L’avis de l’expert mardi20 novembre 2012
Prendre des décisions complexes avec 25 centimes
Par Jean-Louis Arcand
Dépenser ou épargner, investir, s’assurer, voilà des opérations qui semblent réservées aux
habitants des pays riches. Or les plus démunis des pays en voie de développement sont aux
prises, chaque jour, avec des dilemmes financiers. Et il est crucial de mieux les comprendre,
estime Jean-Louis Arcand, professeur à l’IHEID
Comment les individus décident-ils ce qu’ils doivent consommer dans l’immédiat et ce qui doit
être épargné? Qu’est-ce qui détermine la quantité d’argent qu’une personne peut emprunter pour
financer un nouveau projet d’investissement? Pourquoi les individus ne se dotent-ils pas d’une
assurance suffisante alors qu’ils s’en porteraient à l’évidence mieux? Ces questions semblent
familières et caractéristiques de nos confortables vies quotidiennes d’habitants de pays riches.
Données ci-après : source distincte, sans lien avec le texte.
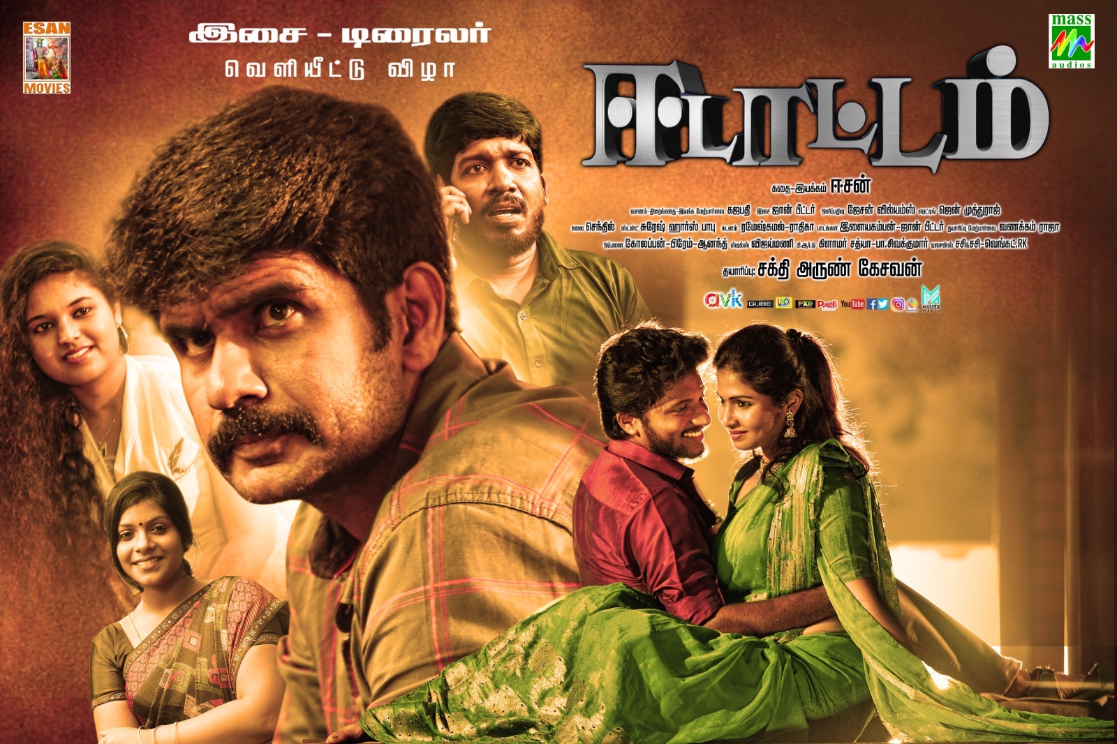 ‘ஈடாட்டம்’ (EDATTAM). படத்தின் இசை வெளியீட்டு விழா பிரசாத் லேபிள் நடை பெற்றது. அதில் நிறைய பிரபலமான இயந்திரங்கள் கலந்து கொண்டனர். தயாரிப்பாளர் ராஜன் இயக்குனர் பேரரசு. இயக்குனர் எழில். நடிகர் காதல் சுகுமார். நடிகை அனு கிருஷ்ணா. தயாரிப்பாளர் இயக்குனர் ஈசன் என எல்லோரும் படம் மிகப்பெரிய வெற்றி படமாக அமையும் என வாழ்த்தி பேசினார் கள் …. இப்படத்தை பற்றி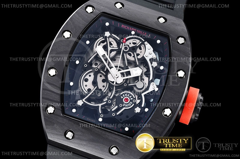 Часы Richard Mille из коллекции RM055. Спортивные мужские часы Richard Mille RM055 Bubba Watson премиального качества (Артикул магазина: RM-0531) оснащены надежным автоматическим механизмом с автоподзаводом (работает от амплитуды движения руки) калибра MY9015, в котором реализованы следующие функции: часовая, минутная и секундная стрелки, а так же максимально простой функционал без усложнений. Бочкообразный корпус часов черного цвета, имеющий размер 43 мм и высоту 17.5 мм превосходно дополнит образ и украсит запястье своего обладателя. Для изготовления часов Richard Mille RM055 Bubba Watson предлагаемых в нашем интернет-магазине, применяются кованый карбон высокого качества (Швейцарский стандарт), а так же сапфировое стекло высокой прочности, благодаря чему обеспечивается максимальная защита от сколов и механических повреждений. Отличительной чертой данной модели является скелетонизированный циферблат, часовые индексы которого обеспечивают часовые метки. Завершает образ каучуковый ремешок черного цвета с фирменной раскладывающейся застежкой Richard Mille. Водонепроницаемость данной модели составляет 30М (WR30) – допускается минимальное воздействие с водой.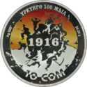 | Аверс: государственный герб, национальный орнамент, дата «2016». Реверс: символическая сцена из антицарского восстания, дата «1916», надпись на кирг. ҮРКҮНГӨ 100 ЖЫЛ — 100 лет восстания, номинал, масса и проба металла. Масса: 28,28 г. Диаметр: 38,61 мм. Тираж: 1000 шт. Отчеканена [уточнить]. | ||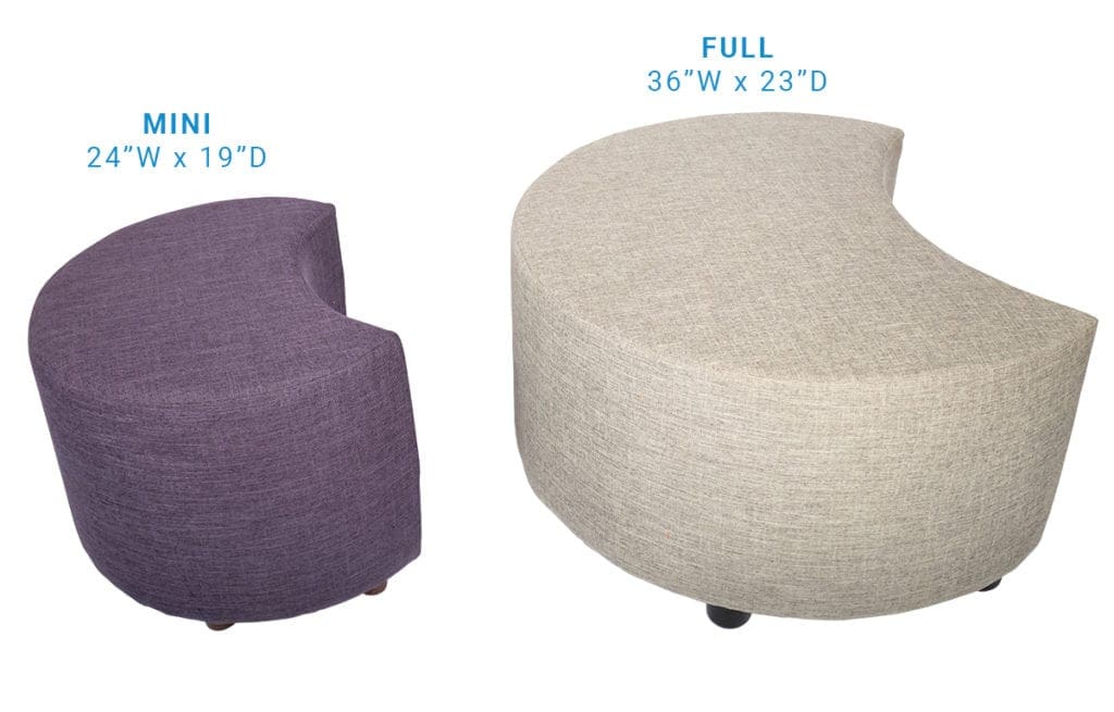 The Lunar Series is a cozy, half-moon shaped ottoman that fits perfectly in a living room, lounge, or common area. In our Upholstery section you will find the Lunar Series featured. Use it as a standalone piece or you can connect several together to make it into more seating. It’s versatile and makes a common area not so common with its special shape and attraction. The fabric is attached with Velcro® Technology and can be removed with a few easy steps. Be creative but most of all, put your feet up on a Lunar and get refreshed.

Elles font penser aux questions financières que traiterait le Financial Times; au genre de
questions qu’abordent quotidiennement dans leurs cours et recherches les économistes
universitaires orthodoxes spécialisés dans les pays de l’OCDE. Si c’est ce que vous pensez, vous
auriez raison. Mais réfléchissez-y à deux fois.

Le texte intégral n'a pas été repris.